Config Reconciliation

The bilbycast-manager treats the node’s local config file as the ground truth. The manager stores its own view of what each node should be running (in its database) and reconciles that view against what each node actually runs whenever they reconnect. This page documents that reconciliation pipeline — push status, ghost cleanup, drift detection, and config_sync events — so operators can understand why entries appear, disappear, or change state in the UI.

Why this exists

Without reconciliation, three failure modes are easy to hit:

Lost updates — manager pushes a flow create, the node is offline, the manager forgets, the flow never lands.
Phantom resources — manager thinks a flow exists, the operator deleted it directly on the node via REST, the manager keeps showing it forever.
External edits — operator SSHs into the node and edits config.json by hand, the manager has no idea.

The reconciliation pipeline fixes all three.

Push status

Every manager-initiated change to a node is tracked in the database with a push status that records whether the change has actually landed. There are several status columns:

Table	Column(s)	Tracks
`managed_flows`	`push_status`	Per-flow create/update/delete
`tunnels`	`ingress_push_status`	The ingress edge’s leg of the tunnel
`tunnels`	`egress_push_status`	The egress edge’s leg
`tunnels`	`relay_push_status`	The relay’s leg (relay-mode tunnels only)

Each column moves through these states:

State	Meaning
`pending`	Manager has recorded the desired state but has not yet pushed it (or the node was offline at push time)
`pushing`	Push is in flight
`pushed`	Push succeeded; the node acknowledged it
`failed`	Push failed; the manager has the error in `push_error` and will retry on the next reconnect

The UI shows these states as small badges next to each flow/tunnel so operators can see at a glance whether the manager’s view matches reality.

Reconnection workflow

When a node reconnects to the manager (after a network blip, restart, or first-ever connection), the manager runs the reconciliation pipeline:

Replay pending pushes — every managed_flows row and tunnel-leg with push_status = "pending" or "failed" is re-pushed. Successes flip to pushed; persistent failures stay in failed and surface as an event.
Wait a settle delay (~5 s) — gives the node time to apply the pushes and stabilise.
Fetch the node’s actual config — the manager calls get_config on the node. The response has infrastructure secrets stripped (see Manager Protocol — secret stripping contract).
Compare against the database — the manager diffs the returned config against its managed_flows and tunnels tables.
Detect and report drift — anything in the database that isn’t in the config (or vice versa) becomes a drift event.

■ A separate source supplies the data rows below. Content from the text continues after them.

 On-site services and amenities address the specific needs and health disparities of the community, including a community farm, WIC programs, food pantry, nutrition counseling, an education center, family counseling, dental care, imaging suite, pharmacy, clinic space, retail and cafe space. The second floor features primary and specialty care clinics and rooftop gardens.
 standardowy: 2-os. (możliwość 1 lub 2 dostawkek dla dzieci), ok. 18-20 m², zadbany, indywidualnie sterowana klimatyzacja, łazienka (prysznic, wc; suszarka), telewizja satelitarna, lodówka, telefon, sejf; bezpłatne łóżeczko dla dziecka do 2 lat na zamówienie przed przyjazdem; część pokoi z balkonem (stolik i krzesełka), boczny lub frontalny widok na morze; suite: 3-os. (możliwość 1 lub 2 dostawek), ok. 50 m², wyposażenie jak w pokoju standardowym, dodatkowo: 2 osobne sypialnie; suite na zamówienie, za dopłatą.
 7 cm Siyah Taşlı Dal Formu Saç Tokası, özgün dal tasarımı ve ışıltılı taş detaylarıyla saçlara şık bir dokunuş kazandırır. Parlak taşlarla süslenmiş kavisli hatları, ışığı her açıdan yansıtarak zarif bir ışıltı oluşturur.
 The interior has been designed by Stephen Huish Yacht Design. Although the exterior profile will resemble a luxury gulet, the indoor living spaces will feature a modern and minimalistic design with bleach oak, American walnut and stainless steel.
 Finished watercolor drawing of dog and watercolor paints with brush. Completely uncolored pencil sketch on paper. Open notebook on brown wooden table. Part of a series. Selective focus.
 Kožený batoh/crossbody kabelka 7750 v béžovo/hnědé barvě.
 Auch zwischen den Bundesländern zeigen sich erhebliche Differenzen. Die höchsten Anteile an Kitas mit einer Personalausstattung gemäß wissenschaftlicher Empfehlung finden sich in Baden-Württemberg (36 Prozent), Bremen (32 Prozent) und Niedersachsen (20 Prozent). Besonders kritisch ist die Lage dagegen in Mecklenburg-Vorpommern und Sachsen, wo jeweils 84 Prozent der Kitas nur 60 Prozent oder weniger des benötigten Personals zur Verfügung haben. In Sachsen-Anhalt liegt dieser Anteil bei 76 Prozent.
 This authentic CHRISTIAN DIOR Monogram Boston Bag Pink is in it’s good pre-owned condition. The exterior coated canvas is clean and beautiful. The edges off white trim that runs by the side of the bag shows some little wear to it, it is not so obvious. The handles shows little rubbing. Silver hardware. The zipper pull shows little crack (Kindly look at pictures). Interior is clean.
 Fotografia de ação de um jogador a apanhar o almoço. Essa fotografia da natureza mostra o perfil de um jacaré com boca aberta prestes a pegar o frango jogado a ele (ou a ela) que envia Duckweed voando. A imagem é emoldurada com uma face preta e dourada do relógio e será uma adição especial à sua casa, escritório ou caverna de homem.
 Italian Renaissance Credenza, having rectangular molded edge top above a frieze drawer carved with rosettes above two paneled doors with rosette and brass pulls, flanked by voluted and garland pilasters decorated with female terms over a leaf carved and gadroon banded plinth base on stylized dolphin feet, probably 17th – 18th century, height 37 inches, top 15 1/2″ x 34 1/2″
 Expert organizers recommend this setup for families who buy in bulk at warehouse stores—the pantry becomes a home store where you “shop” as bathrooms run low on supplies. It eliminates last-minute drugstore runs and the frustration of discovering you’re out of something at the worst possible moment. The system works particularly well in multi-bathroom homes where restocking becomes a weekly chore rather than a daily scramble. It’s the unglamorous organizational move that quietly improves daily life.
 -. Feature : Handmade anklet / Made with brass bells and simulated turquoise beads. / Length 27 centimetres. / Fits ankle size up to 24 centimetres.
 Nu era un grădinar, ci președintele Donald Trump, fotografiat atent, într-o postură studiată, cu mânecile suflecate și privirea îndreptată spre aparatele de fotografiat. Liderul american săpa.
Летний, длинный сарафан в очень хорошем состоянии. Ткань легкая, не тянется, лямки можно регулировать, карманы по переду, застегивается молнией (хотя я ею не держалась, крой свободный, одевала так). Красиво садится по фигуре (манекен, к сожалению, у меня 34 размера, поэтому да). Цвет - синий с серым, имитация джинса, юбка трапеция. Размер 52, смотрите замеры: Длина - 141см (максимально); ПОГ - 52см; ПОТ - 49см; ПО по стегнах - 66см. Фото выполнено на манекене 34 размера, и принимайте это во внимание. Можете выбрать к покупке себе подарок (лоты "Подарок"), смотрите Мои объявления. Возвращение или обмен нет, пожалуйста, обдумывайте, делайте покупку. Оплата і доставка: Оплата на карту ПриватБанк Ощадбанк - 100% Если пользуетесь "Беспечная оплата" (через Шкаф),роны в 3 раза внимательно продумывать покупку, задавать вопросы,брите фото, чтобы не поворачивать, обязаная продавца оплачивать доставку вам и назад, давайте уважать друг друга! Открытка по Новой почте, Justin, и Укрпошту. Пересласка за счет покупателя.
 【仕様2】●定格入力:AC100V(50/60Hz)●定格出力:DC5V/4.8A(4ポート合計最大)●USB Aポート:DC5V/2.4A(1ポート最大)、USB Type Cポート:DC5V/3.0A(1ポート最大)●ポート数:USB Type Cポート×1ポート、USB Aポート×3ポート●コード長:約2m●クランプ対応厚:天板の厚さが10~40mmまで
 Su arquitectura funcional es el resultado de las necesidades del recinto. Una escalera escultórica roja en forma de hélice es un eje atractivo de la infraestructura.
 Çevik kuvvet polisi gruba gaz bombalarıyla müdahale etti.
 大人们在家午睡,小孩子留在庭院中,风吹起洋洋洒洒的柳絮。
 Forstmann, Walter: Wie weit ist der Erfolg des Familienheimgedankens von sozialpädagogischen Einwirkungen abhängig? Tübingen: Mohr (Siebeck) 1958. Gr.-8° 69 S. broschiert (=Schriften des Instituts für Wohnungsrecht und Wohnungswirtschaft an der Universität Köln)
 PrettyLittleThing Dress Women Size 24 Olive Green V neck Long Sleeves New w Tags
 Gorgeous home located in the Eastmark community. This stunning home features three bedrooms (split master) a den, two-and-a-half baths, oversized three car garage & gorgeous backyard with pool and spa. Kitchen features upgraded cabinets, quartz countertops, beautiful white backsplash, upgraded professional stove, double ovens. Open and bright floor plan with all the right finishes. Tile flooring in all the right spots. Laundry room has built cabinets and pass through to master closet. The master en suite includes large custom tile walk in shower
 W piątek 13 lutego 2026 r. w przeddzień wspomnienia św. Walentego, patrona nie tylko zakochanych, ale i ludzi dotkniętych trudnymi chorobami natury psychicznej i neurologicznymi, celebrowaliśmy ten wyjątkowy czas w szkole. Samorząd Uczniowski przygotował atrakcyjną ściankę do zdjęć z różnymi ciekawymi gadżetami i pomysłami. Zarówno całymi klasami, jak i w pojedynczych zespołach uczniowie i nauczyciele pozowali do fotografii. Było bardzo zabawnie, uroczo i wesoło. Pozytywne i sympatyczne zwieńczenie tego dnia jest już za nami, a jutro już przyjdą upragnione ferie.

The whole pipeline runs on a per-node basis whenever the WebSocket transitions from disconnected to connected. The retry interval for transient failures is 30 seconds.

Ghost cleanup

Sometimes a manager-pushed flow ends up in a state that nobody wants:

The push failed at create time (validation error, address conflict, etc.).
The manager retried for several minutes.
The operator gave up, removed the flow from the manager UI.
The DB row got stuck in failed because the deletion never made it to the (offline) node.

These are ghost entries: rows in the manager DB that don’t correspond to anything on the node and aren’t progressing. The reconciliation pipeline cleans them up automatically:

Ghost rule: any managed_flows or tunnel-leg row in push_status = "failed" for 5 minutes or more, where the target node is currently online, is auto-deleted.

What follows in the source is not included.